Habitat degradation is an important driver of population extinction risk (Griffen and Drake 2008; Drake and Griffen 2010), and understanding and accurately modeling the contribution of demographic heterogeneity to total demographic variation is crucial for accurately assessing this extinction risk (Melbourne and Hastings 2008). The strength of environmentally driven demographic heterogeneity (i.e., the difference between the “haves” and the “have not's”) should increase with the severity of habitat destruction or modification. This has implications for how this variation should be modeled. As described above, an incomplete knowledge of demographic heterogeneity often results in lumping this variation as a component of demographic stochasticity, and modeling it as variation around the mean that is nondirectional using a Poisson distribution. We have shown that for systems like ours, this is an inappropriate error structure because variation in fecundity is much greater than mean fecundity. But this modeling approach may also be inappropriate for a second reason. Environmental degradation is a directional shift in quality through time, and when this degradation is spatially variable, it should always lead to an increase through time in variation in vital rates across habitat patches. This means that variation in vital rates around mean values will be directional rather than truly stochastic. When environmental factors are a dominant source of demographic variation, it may therefore be preferable to model this variation using a more appropriate modeling structure that accounts for changes in the amount demographic heterogeneity over time as habitats become more degraded.

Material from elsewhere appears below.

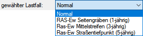 Hier kann aus den unter Einstellungen Hydraulik, Register Dimensionieren, definierten Lastfällen, gewählt werden.

Finally, we note that demographic heterogeneity driven by spatial differences in habitat quality may interact with large-scale temporal changes in environmental quality that are modeled as environmental stochasticity. Environmental stochasticity derives from factors that influence the entire population simultaneously, producing good years and bad years, for example. However, good and bad years may not influence all individuals in a population equally when individuals already experience very different environmental conditions due to spatial variation in habitat quality. Thus, a good year may have a large positive influence on individuals in poor quality habitats, while its effects may be minimal on individuals in high-quality habitats if there is an upper limit to resource utilization (e.g., an asymptotic consumption rate as is commonly seen in a type II or type III functional response). Similarly, a bad year may have much larger impacts on an individual whose poor habitat quality has left them in poor physiological condition than on individuals with large energetic reserves resulting from their occupancy of high-quality habitats.